Google is reportedly working on a new AI chip that would allow it to run its Gemini AI model more efficiently.
According to a report from The Information, the chip, known internally as ‘Frozen v2,’ would have Google Gemini decisions built in, thus reducing the number of steps necessary to move data around – decision-making is often the most time-consuming process for chips that are able to run multiple AI models.
As a result, the report claimed that the new chip could be six to ten times more efficient than Google’s current Tensor Processing Unit (TPU) offerings and will be faster at responding to queries, potentially enabling the company to explore new AI applications. However, it was noted that Frozen is not intended to replace the TPU, but rather function as a separate branch of Google’s home-grown silicon efforts.
Google plans to deploy the chips in 2028, The Information said, with Frozen only set to be usable for later generations of Gemini. The company also doesn’t intend to produce as many Frozen chips as TPUs, with sources cited in the report claiming this would allow Google to bring external design and manufacturing partners in on the project at a later date.
In October 2025, Google’s VP and GM of AI and infrastructure, Amin Vahdat, said demand for the company’s TPUs was so oversubscribed that the company is having to turn customers away, adding that the company’s “seven and eight-year-old TPUs have 100% utilization.”

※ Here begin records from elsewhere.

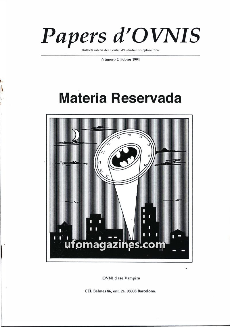 This issue of Papers d'OVNIS, published in February 1994, focuses on 'Materia Reservada' by J.J. Benítez and the criticism it has drawn from the Centre d'Estudis Interplanetaris (C
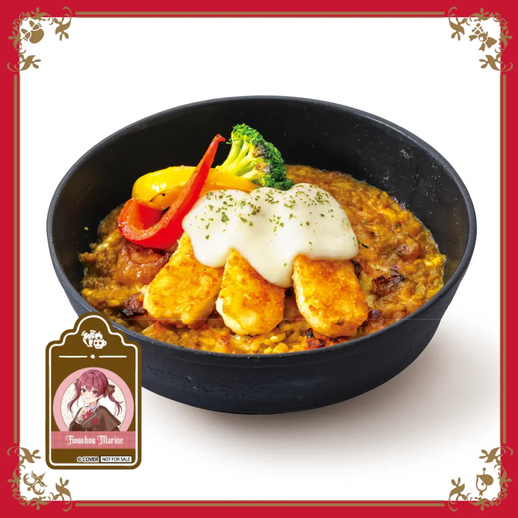 価格:1,890円(税込2,079円) カレーとハッシュドポテトをベースに、宝鐘マリンの好物を詰め込んだドリアです。たっぷりのモッツァレラチーズが絡み合う、濃厚な味わいが魅力です。
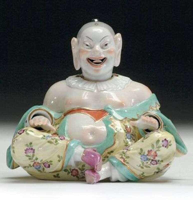 Modeled seated with crossed legs in green lined yellow flower painted robe. The head, tongue, and hands pivoted to rock rhythmically, blue underglaze cross sword mark. H: 10 in.
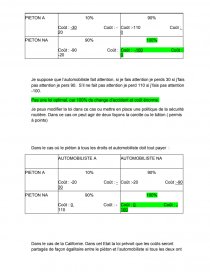 - S’il y a un accident, il ya une victime : le piéton. Les dommages corporels par la victime sont estimés à 100. Cette somme est un coût pour le piéton. Suivant la loi en vigueur le piéton pourra ou non se faire rembourser cette somme par l’automobiliste (son assurance).
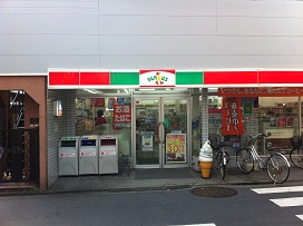 ② つき当たりの「サンクス」まで進み右に曲がる
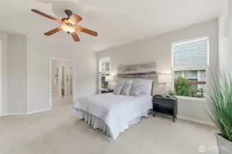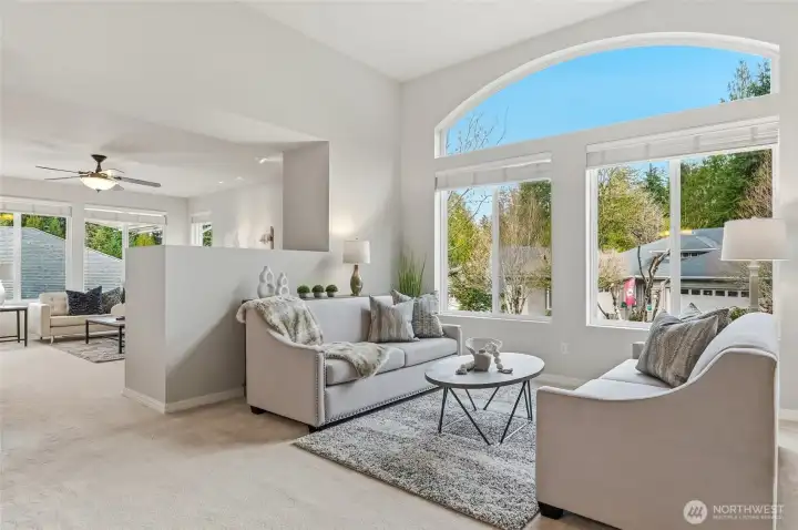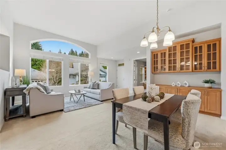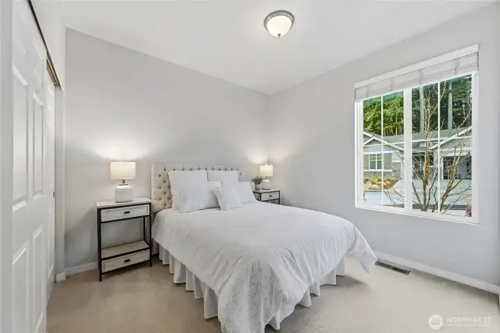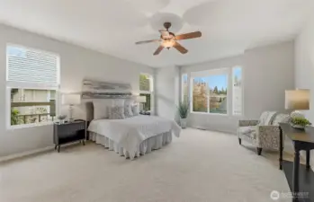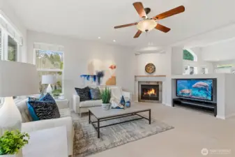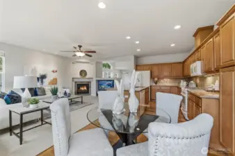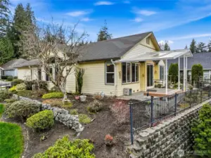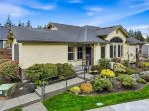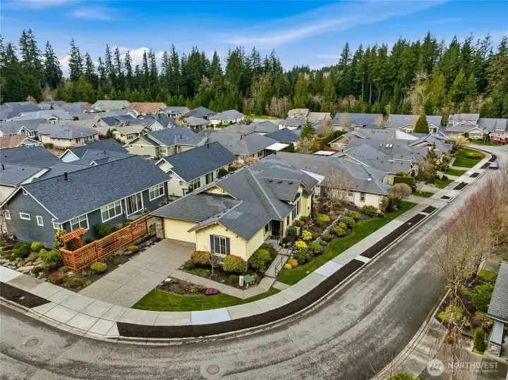 Live the 55+ Trilogy resort lifestyle in this beautiful, one level Vancouver plan home that showcases the perfect balance of privacy and space. Set on a beautiful corner lot, above the street, you’ll enjoy light filled spaces and big sky views. Built for entertaining with a large dining room w/a beautiful built-in buffet & display cabinet and living room that are open to the great room so there is plenty of room to host holiday dinners and neighborhood get-togethers. Kitchen with ample cabinetry, large island w/a 2nd row of cabinets below, pendant lighting, a double pantry and breakfast nook. Cozy gas fireplace & large TV niche in the family room. Step out to the oversized patio, w/built-in seating and a clear cover where you can relax with friends and BBQ year-round. Carefree living with front & side yard maintained by HOA. The primary bedroom easily accommodates a king-sized bed and full-sized furniture. The en-suite bath has a dual sink vanity, step-in shower, private toilet room and a walk-in closet with organizers. The office has a built-in Murphy bed/desk combo and a wall of bookcases and storage. Second bedroom is adjacent to the full bath provides your guests with their own retreat. Laundry room has a utility sink. The garage has a work bench and overhead storage. Room to park 4 cars in the level driveway! The PNW’s flagship 55+ community w/a beautiful clubhouse, fitness center, indoor pool & walking track, pickleball & tennis courts and walking trails. Pre-inspected
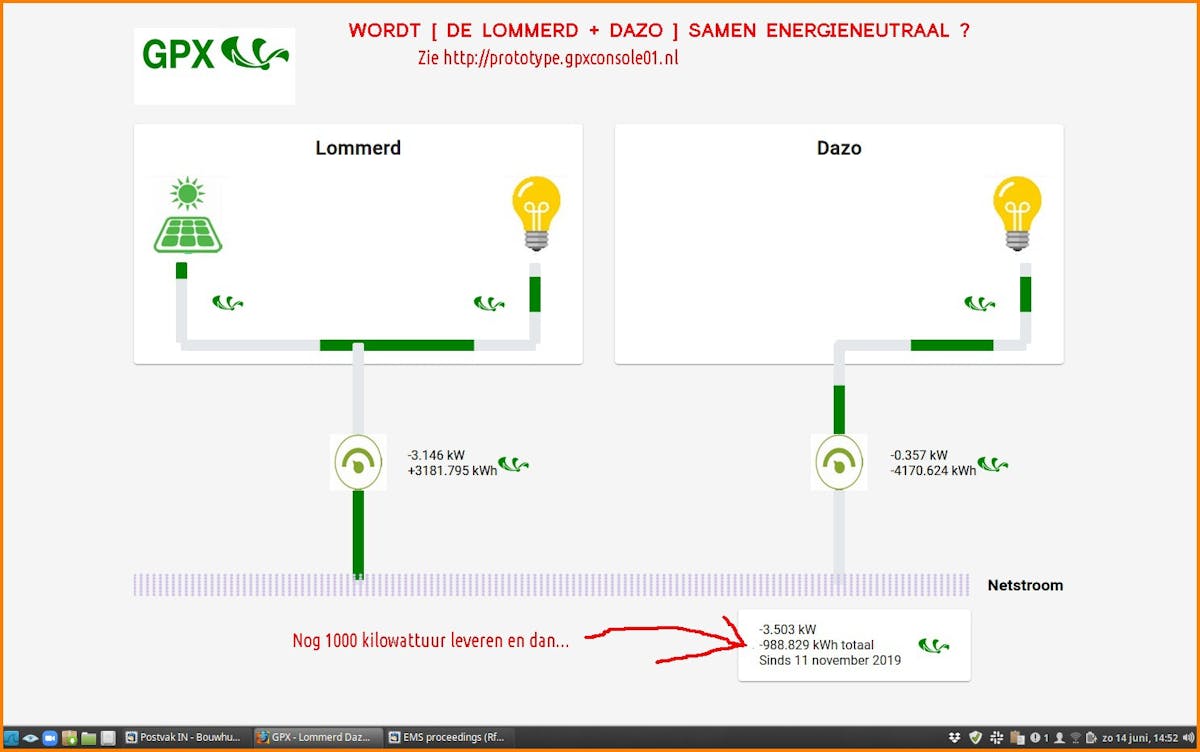 Na de start van de meting 11 nov 2019 is inmiddels bijna het energieneutraal-punt bereikt voor Lommerd en DAZO samen. Kijk hier voor de actuele stand van GPXconsole01 die dat toont (LIVE). De diepste stand was begin maart toen de Lommerd op -7000 kWh stond en de DAZO op -2000, samen -9000. Van die laatste is nu nog een kleine 1000 kWh te gaan, daarna zijn Lommerd en DAZO samen energie-positief (elektrisch). GPX werkt tot komende winter aan een multi-user concept, om meer te kunnen koppelen met deze balansmeter.

Google released its eighth-generation TPUs in April 2026, with the latest generation offering two separate chips: one for inference workloads, and another for training.
That same month, Broadcom stated in a regulatory filing that it had entered into a Long-Term Agreement with Google to develop and supply future generations of its TPUs, in addition to signing a Supply Assurance Agreement to supply “networking and other components” to be used in Google’s next-generation AI racks until 2031.